The Ecological Effects of Religion on Health and Mortality in China (Dissertation)

Dissertation Advisors: Fenggang Yang (Chair), Christopher G. Ellison, Daniel V.A. Olson, and Shawn Bauldry

All-Cause Crude Mortality Rates in Chinese Counties, 2000
All-Cause Crude Mortality Rates in Chinese Counties, 2000

In recent decades, public health research has discovered that the places where people live, work, and play matter more for their health than their genes and biology. Prior social epidemiological studies, however, neglect a key aspect of local areas: the religious environment. Although religion is a profoundly social phenomenon that shapes the values, norms, and behaviors of both individuals and communities, most health research today reduces religion to an individual-level attribute. Scholars are only beginning to recognize that the demographic presence and socio-cultural influence of religion(s) in local geographic areas affect population health and mortality in the U.S., and we know little about this topic in other social, political, and cultural contexts.
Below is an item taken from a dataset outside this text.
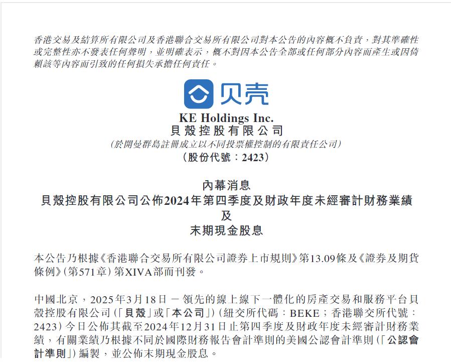 财报显示,2024年贝壳实现净收入为935亿元,同比增长20.2%;净利润为40.78亿元,同比下降30.8%;经调整后净利润为72.11亿元,同比下降26.4%。
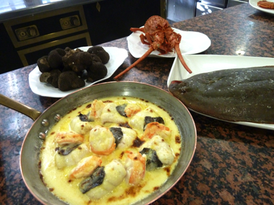 Après qu’on eut pris nos manteaux pour le vestiaire,Roger arrivait à notre table: »Qu’est ce qui vous ferait plaisir Monsieur C….? » Notre choix est fait : Foie gras en terrine, bien sûr, le gratin de soles et de langoustes Georges et un soufflé au grand Marnier pour terminer. Roger nous conseillait – comme à chaque fois- un Meursault les Genevrières…..C’était dans les années 1970! Ma femme était resplendissante » Souvenir, souvenir que me veux-tu? »Verlaine

Chinese Population (in millions) by Age Group in 2017 and Projections in 2050
Chinese Population (in millions) by Age Group in 2017 and Projections in 2050

My dissertation research expands this work to Mainland China where I investigate the ecological effect of religion on the physical health and mortality of China’s rapidly aging population. In this study, I emphasize religion as a socio-cultural characteristic of local areas and incorporate theoretical explanations for the religion-health connection into social epidemiological and social network frameworks. Using geographic data from the Online Spiritual Atlas of China of religious sites in China merged with official census reports and the China Health and Retirement Longitudinal Study, this research applies statistical methods for analyzing spatial and multi-level data to identify patterns in self-rated health, chronic illness, functional limitations, and mortality associated with the religious composition of local Chinese areas. Detailed analyses examine differences across geographic levels, religious groups, and individual religious affiliations, as well as test explanatory mechanisms and social pathways—such as social participation, social support, and health behaviors—that link these associations. Using China as a comparative case, this study draws attention to religious values, norms, and behaviors as important socio-cultural factors of local areas that impact population health.